Richard Hughes

Personal information
- Full name: Richard Daniel Hughes
- Date of birth: 25 June 1979 (age 47)
- Place of birth: Glasgow, Scotland
- Height: 6 ft 1 in (1.85 m)
- Position: Defensive midfielder

Youth career
- 1992–1993: Atalanta
- 1993–1998: Arsenal

Senior career*
- Years: Team / Apps / (Gls)
- 1998–2002: AFC Bournemouth / 131 / (14)
- 2002–2011: Portsmouth / 131 / (3)
- 2003: → Grimsby Town (loan) / 12 / (1)
- 2012–2014: AFC Bournemouth / 26 / (1)
- Total:  / 300 / (17)

International career
- 2004–2005: Scotland / 5 / (0)

= Richard Hughes (footballer) =

Scottish footballer (born 1979)

Richard Daniel Hughes (born 25 June 1979) is a Scottish football executive and former player who currently serves as sporting director for Saudi Pro League club Al-Hilal.

Hughes played as a defensive midfielder, and started his professional career as a junior in Italy for Atalanta, before moving to Arsenal and Bournemouth, where he made his professional debut. He most prominently featured for Portsmouth from 2002 until 2011 and had a brief loan spell with Grimsby Town in 2003. After a year out of the game, Hughes signed again for Bournemouth. He finally retired from playing in May 2014, aged 34. He was capped five times by Scotland.

==Playing career==

===Early career===
Born in Scotland, Hughes grew up in Italy and began his career as a youth player at Serie A side Atalanta. After moving back to the United Kingdom, Hughes spent five years with Arsenal as a youth player. He did not make the transition to the first team and so left the club to join AFC Bournemouth in the summer of 1998.

Hughes made his debut for Bournemouth in a 2–0 victory over Lincoln City, and became a regular member of the first team. He was signed by Portsmouth for £50,000 in summer 2002.

===Portsmouth===
After making his debut for Portsmouth in a 1–1 draw at Sheffield United, Hughes was loaned out to Grimsby Town, where he played 12 games and scored one goal against Brighton. He was given a Premier League appearance in December 2003, and he remained a squad member for the remainder of the 2003–04 campaign. He scored the winning goal, his first for Portsmouth, in a 1–0 FA Cup victory over Liverpool on 22 February 2004. On 28 July 2006 he pledged his future to the club, signing a three-year contract. On 15 August 2007, playing against Manchester United, Hughes was headbutted by Cristiano Ronaldo, after Hughes allegedly provoked him. Ronaldo was red-carded for his actions. The game finished 1–1. Hughes was part of Portsmouth's 2007–08 FA Cup-winning team. Despite not making the squad for the final he appeared in the earlier rounds.

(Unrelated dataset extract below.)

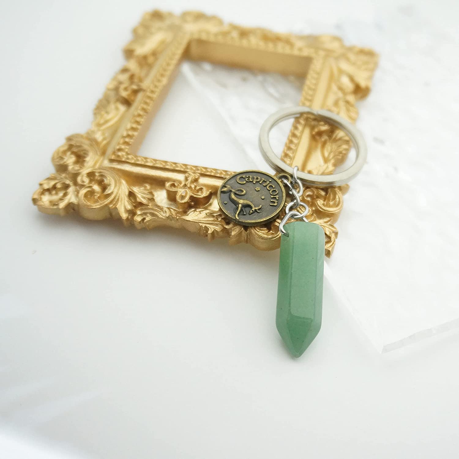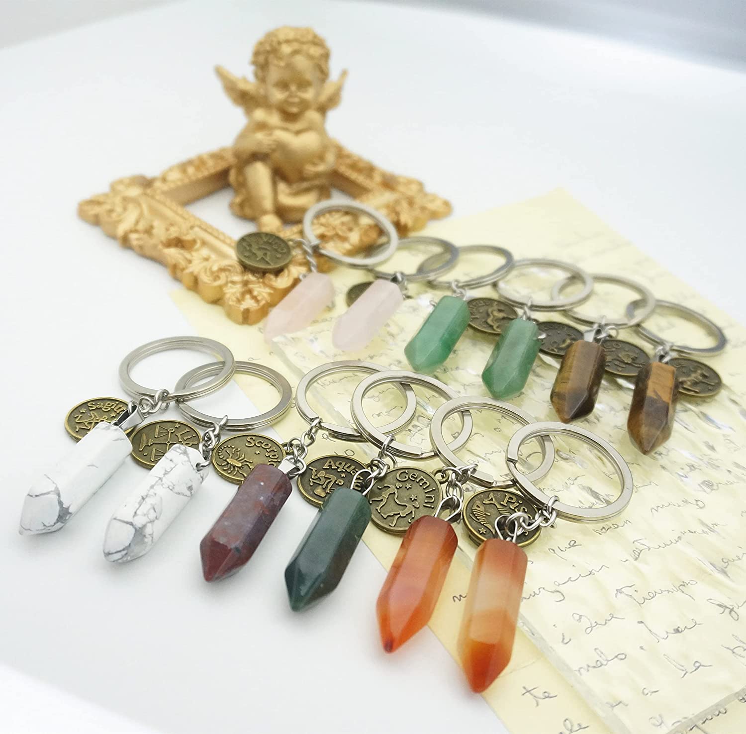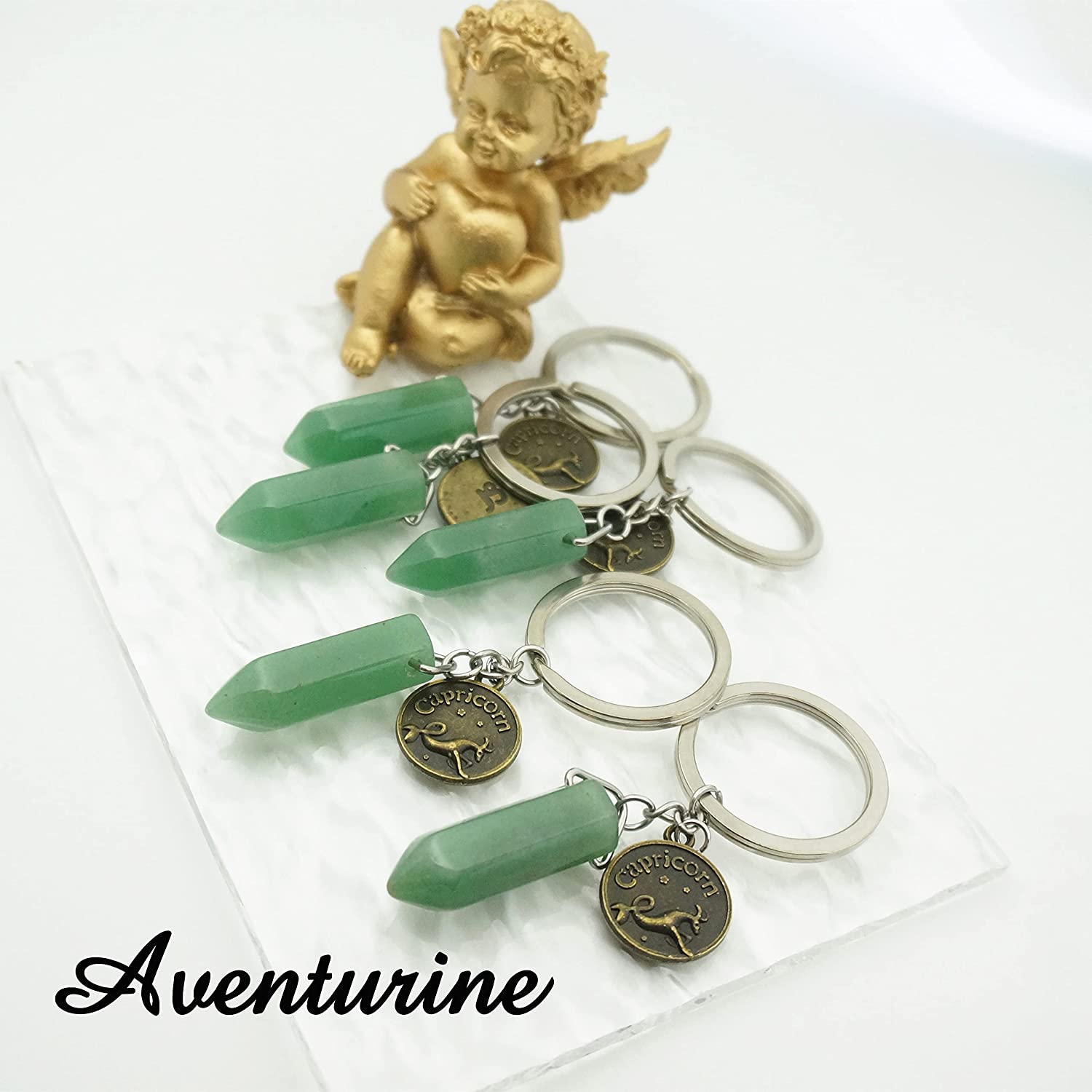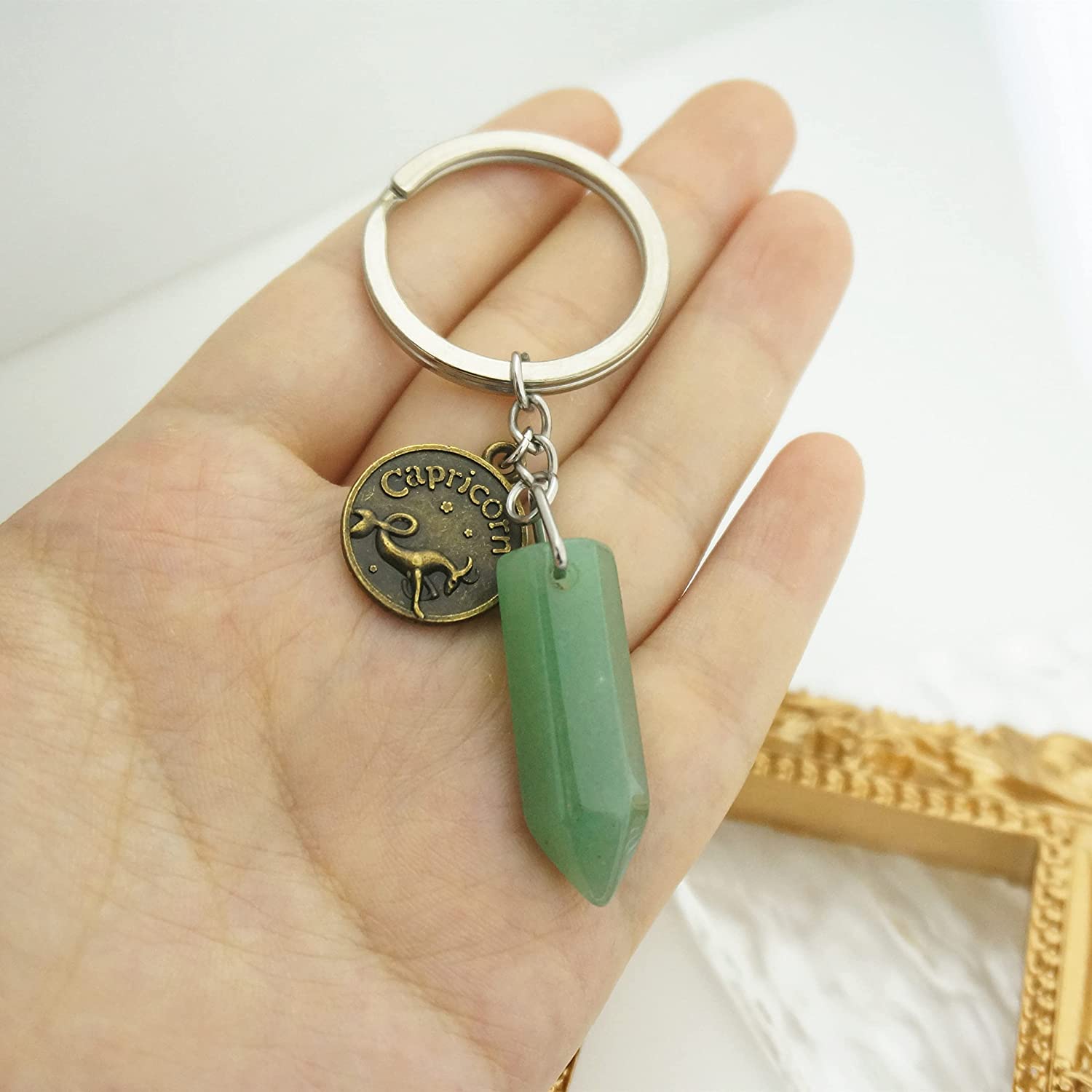 ZUOPIPI Zodiac Crystal Stone Keychain Natural Rose Stone/Red Agate/Aventurine Healing Crystal Keychain

In January 2009, Hughes was offered an extension to his Portsmouth contract. His second competitive goal for Portsmouth came when he scored in a 4–1 League Cup win against Hereford on 25 August 2009. Hughes' first league goal for Portsmouth came in a 3–3 draw against Leeds United at Elland Road on 28 December 2010, his last game for the club. The Scottish midfielder's strike deflected off Leeds defender Andy O'Brien on its way into the net. Originally awarded as an own goal to O'Brien, the goal was subsequently credited to Hughes by the dubious goals committee as his first league goal for the club. Hughes played his last game for Portsmouth on 28 December 2010. Under the terms of his contract, signed when Portsmouth were still in the Premier League, he was entitled to a new contract with increased wages if he had played one more game. As Portsmouth could not afford to fulfil the original offer, and he was not prepared to accept alternative terms; he remained at Portsmouth without playing in the second half of the 2010–11 season. He was subsequently released at the end of the season.

===Return to Bournemouth===
In the summer of 2012, a year after retiring from the game, Hughes was convinced to come out of retirement by Paul Groves, who managed him at Grimsby and was assistant manager while Hughes was at Portsmouth. In turn he re-joined Bournemouth following Groves' appointment as manager. Hughes made his second debut for Bournemouth in a 5–3 loss at Sheffield United on 1 September 2012, coming on as a 46th-minute substitute for Shaun MacDonald. On 8 September, Hughes scored the only goal in the match against Yeovil, securing Bournemouth their first League One victory. In May 2014, with his contract due to expire, Hughes took the decision to retire aged 34.

===International play===
Hughes gained recognition for his performances at Bournemouth with a call-up to represent Scotland at under-21 level. His performances also earned him selection for the Scottish senior side, and he won his first cap against Estonia in May 2004.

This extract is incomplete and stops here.